§ What you need to do
Send back the line that contains "Entra a tu cuenta" and all lines following it through the end of the data below, exactly, omitting pictures.

(Data records)
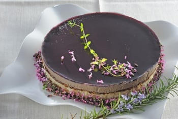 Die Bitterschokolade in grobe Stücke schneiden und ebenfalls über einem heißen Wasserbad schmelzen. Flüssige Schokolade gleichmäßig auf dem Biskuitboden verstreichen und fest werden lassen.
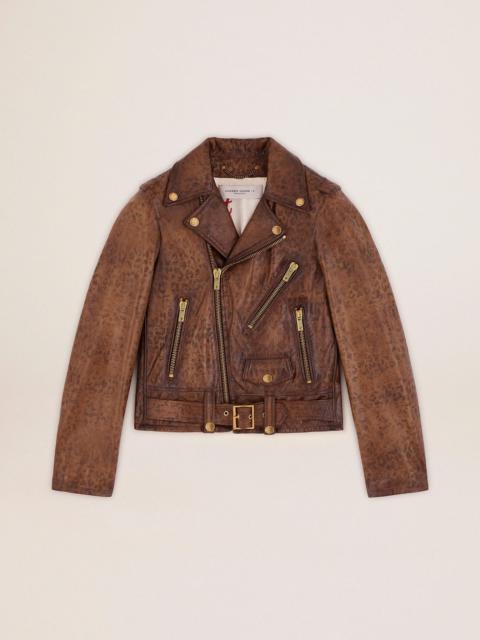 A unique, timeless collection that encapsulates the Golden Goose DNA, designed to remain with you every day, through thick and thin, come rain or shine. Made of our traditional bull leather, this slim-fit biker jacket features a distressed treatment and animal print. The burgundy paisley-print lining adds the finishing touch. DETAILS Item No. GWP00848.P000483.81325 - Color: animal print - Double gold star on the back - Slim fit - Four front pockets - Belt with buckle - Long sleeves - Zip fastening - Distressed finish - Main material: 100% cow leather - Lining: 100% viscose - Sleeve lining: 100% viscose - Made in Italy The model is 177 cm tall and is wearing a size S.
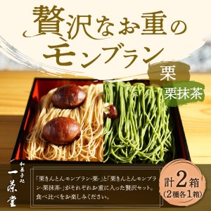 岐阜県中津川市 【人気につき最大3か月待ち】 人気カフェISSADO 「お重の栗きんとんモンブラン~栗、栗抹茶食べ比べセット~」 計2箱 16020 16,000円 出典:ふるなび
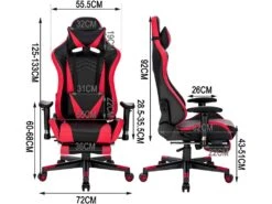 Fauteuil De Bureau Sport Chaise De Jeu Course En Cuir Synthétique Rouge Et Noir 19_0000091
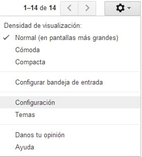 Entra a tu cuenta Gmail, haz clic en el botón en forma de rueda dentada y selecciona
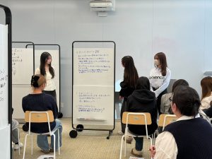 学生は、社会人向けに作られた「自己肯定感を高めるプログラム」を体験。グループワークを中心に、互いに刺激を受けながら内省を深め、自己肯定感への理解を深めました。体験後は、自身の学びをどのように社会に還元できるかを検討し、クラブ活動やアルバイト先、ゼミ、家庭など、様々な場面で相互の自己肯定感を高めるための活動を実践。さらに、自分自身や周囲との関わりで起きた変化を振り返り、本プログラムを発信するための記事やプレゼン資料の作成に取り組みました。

§ Written reply
 Entra a tu cuenta Gmail, haz clic en el botón en forma de rueda dentada y selecciona
 学生は、社会人向けに作られた「自己肯定感を高めるプログラム」を体験。グループワークを中心に、互いに刺激を受けながら内省を深め、自己肯定感への理解を深めました。体験後は、自身の学びをどのように社会に還元できるかを検討し、クラブ活動やアルバイト先、ゼミ、家庭など、様々な場面で相互の自己肯定感を高めるための活動を実践。さらに、自分自身や周囲との関わりで起きた変化を振り返り、本プログラムを発信するための記事やプレゼン資料の作成に取り組みました。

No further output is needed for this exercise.